(Listed entries)
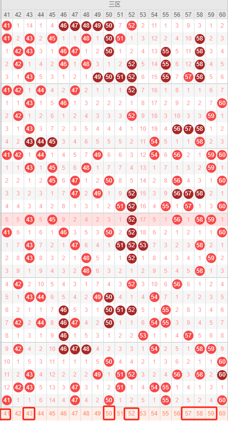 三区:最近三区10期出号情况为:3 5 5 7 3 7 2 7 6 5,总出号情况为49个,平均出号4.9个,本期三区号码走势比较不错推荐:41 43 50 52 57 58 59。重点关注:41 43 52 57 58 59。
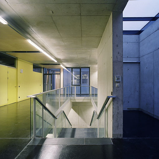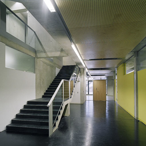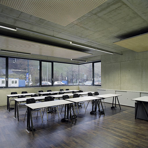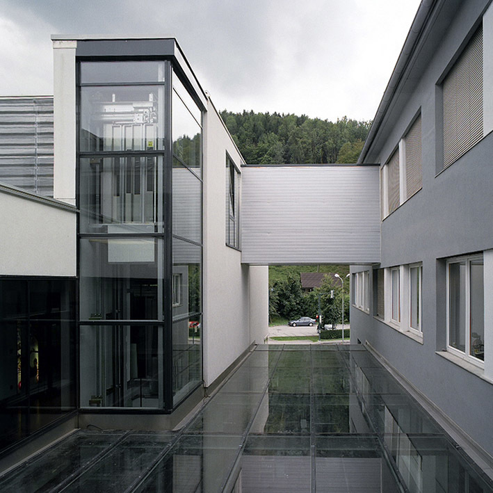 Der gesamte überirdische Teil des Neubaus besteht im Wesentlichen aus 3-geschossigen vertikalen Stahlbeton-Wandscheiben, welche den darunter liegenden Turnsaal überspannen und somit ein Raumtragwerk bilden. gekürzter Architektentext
(End Listed entries)
(Listed entries)
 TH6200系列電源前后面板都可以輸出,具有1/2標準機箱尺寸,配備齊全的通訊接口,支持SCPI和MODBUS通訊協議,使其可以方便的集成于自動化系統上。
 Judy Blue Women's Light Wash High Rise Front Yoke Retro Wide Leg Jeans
(End Listed entries)
§ **Work order**: Using the data above, retype exactly and only the lines from the one containing "三区:最近三区10期出号情况为:3 5 5" up to and including the one containing "Der gesamte überirdische", with no pictures carried over.

§ **Written response**:
 三区:最近三区10期出号情况为:3 5 5 7 3 7 2 7 6 5,总出号情况为49个,平均出号4.9个,本期三区号码走势比较不错推荐:41 43 50 52 57 58 59。重点关注:41 43 52 57 58 59。
 Der gesamte überirdische Teil des Neubaus besteht im Wesentlichen aus 3-geschossigen vertikalen Stahlbeton-Wandscheiben, welche den darunter liegenden Turnsaal überspannen und somit ein Raumtragwerk bilden. gekürzter Architektentext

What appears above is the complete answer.